When I got home I ran to the bathroom to pee and started peeling off layers. I was right about the rash/burn. It was worse than any previous weeks. Just touching it felt hot and scraped. The one thing the 'Body Glide' did manage to do is let all the dirt I had kicked up stick to my knees. I looked bruised even more than I was because of all the dirt stuck to my feet, knees and calves.

After my shower tonight, I dove into leftover sushi from date night (last night) and some left over chicken soup my husband made.
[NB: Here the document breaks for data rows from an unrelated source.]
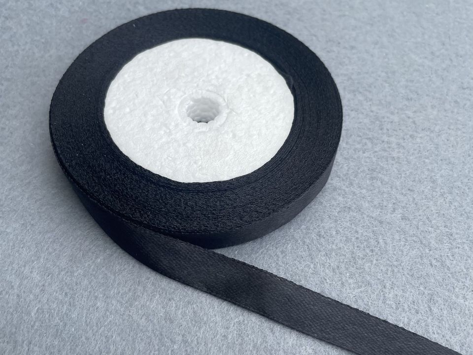 Стрічка атласна-ширина 1.2 см. У мотку ~23 метри. Колір-чорний. Застосовують для прикраси, оздоблення одягу, вишивання стрічками, плетіння стрічками тощо. Ціна вказана за 1 моток. Виробництво – Китай.
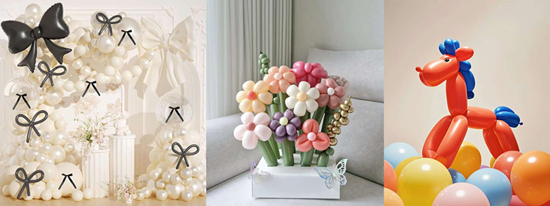 Повітряна куля можна використовувати поодинці, щоб показати свій стиль. Частина хвоста змушує повітряні кулі зв’язуватися між собою. Він може побудувати стіну повітряної кулі, повітряну кулю, 3D серця, будувати торти тощо. Форми можуть бути складними.
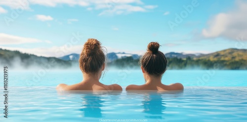 Serene couple relaxing in the tranquil Blue Lagoon spa, surrounded by nature's beauty in an outdoor oasis.
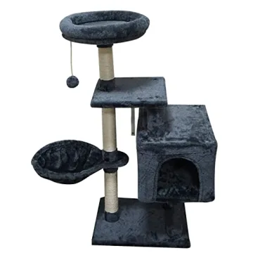 This cat tree is equipped with high-quality faux fur material which provides ultimate comfort, making it an inviting space for your furry companions. The natural sisal scratching posts encourage healthy scratching behavior while keeping their claws in peak condition. It's generously sized at 29" x 13" x 39" (74X33X99cm), offering ample space for your cats to climb and perch high, gazing down like royalty. The addition of a toy ball facilitates fun engagement, making this cat condo an ideal playground!
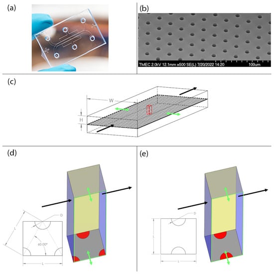 The computational domain surfaces are prescribed with the following boundary conditions. The left and right surfaces (blue) are prescribed with the periodic boundary condition. The top and bottom surfaces (grey) are set to the no-slip wall condition. The back side (yellow) is prescribed with the symmetry boundary condition. The front side (green outline) is prescribed with the symmetry boundary condition and also subjected to the peristalsis motion that stretches the domain in the direction perpendicular to the main flow forth and back (green arrows). The membrane is assumed to be very thin compared to the size of microchannel so that the membrane thickness is negligible and the symmetry boundary condition is applied to the circular sectors on the bottom surface (red) to mirror the presence of the flow in the lower microchannel. The total area of the circular sectors on the bottom surface of computational domain, i.e., the porous membrane, is equal to the area of a single circle as shown in Figure 1d,e.
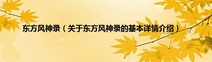 本文关于东方风神录的基本详情介绍就讲解完毕,希望对大家有所帮助。
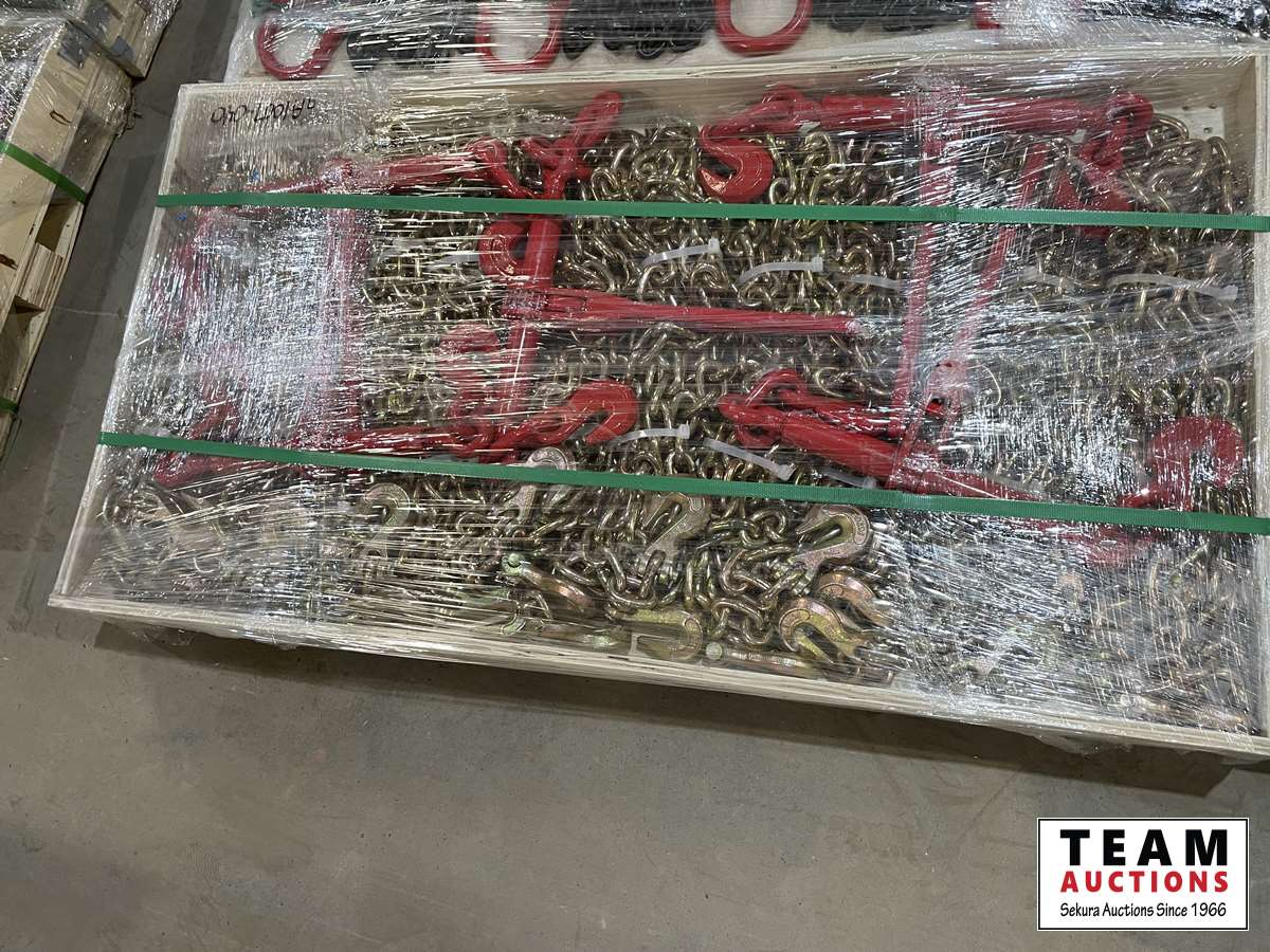 2150 5400 Lb Ratchet Binders & (10) G70-3/8 Inch Transport Chains (Unused)
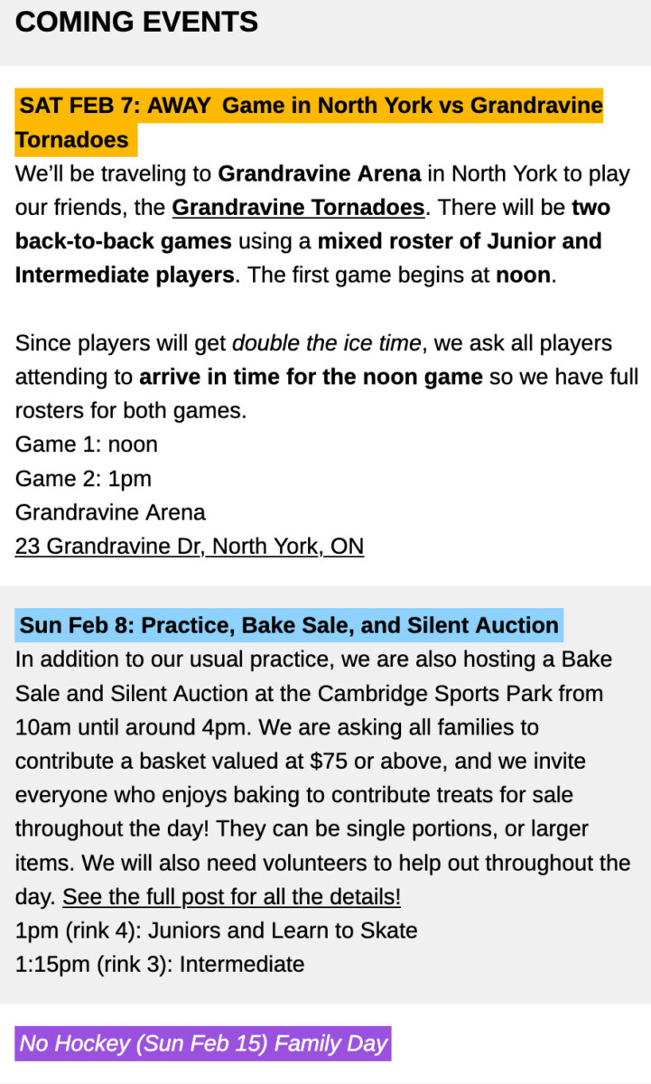 We’re excited to announce that our team will be hosting a Bake Sale and Silent Auction at the Cambridge Sports Park on February 8th, 2026! This is a great opportunity to support our players and help raise funds for the season. Silent Auction – Basket Donations As discussed, we are asking each [...]
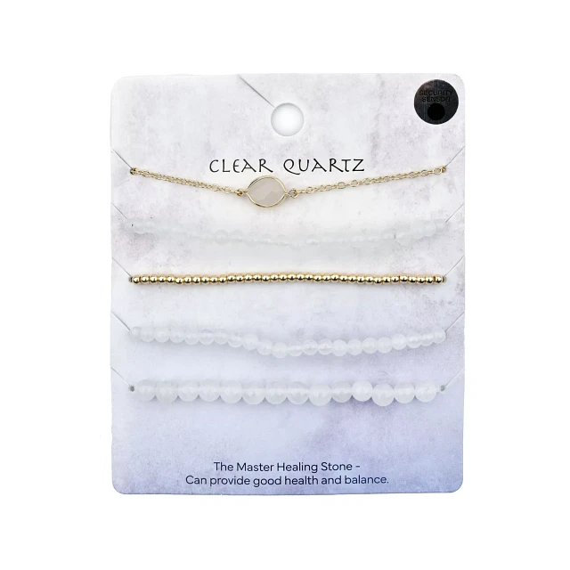 Multi-Pack Clear Quartz Beaded Bracelets - 5 Pack
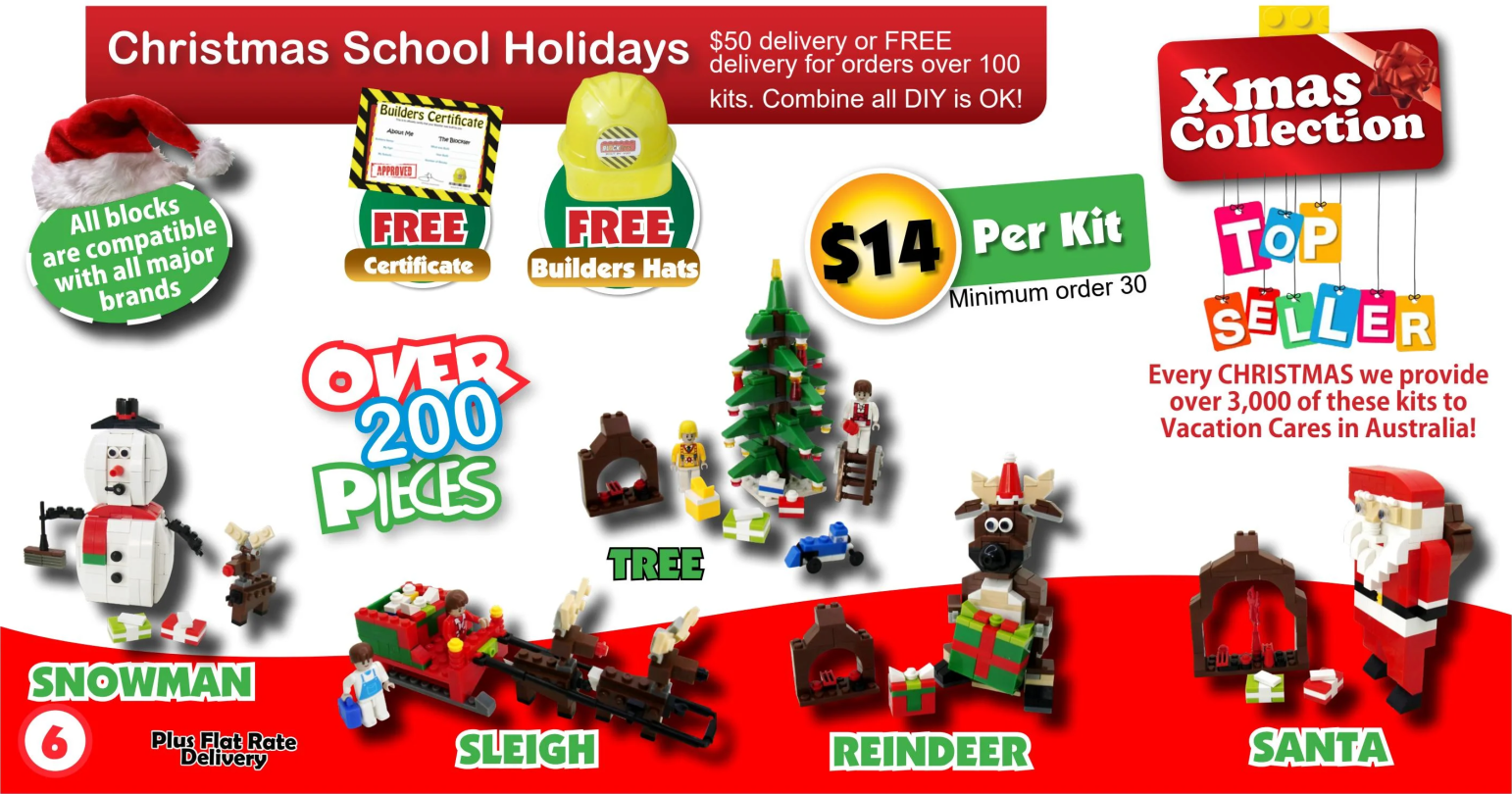 Children get to pick from the random Christmas themed block sets that contain 200 pieces. Designs such as Reindeer, Snowmen and Santa

I tried to stretch, as much as I could without touching my burnt calves. I rubbed all kinds of Diaper rash cream on and I felt content. My feet didn't fall off.

Even though I started this trek blind (hence the extra 3.5 miles I ended up doing) I felt like I got to open my eyes to areas I had never seen before. I am loving this quenching of curiosity that I get to do on every walk. I am so proud that I have given myself this time and I am not giving up on myself. Just think! I went 21.5 miles today. That is less than 5 miles away from the whole marathon total!! I CAN DO THIS!! Less than one month to go!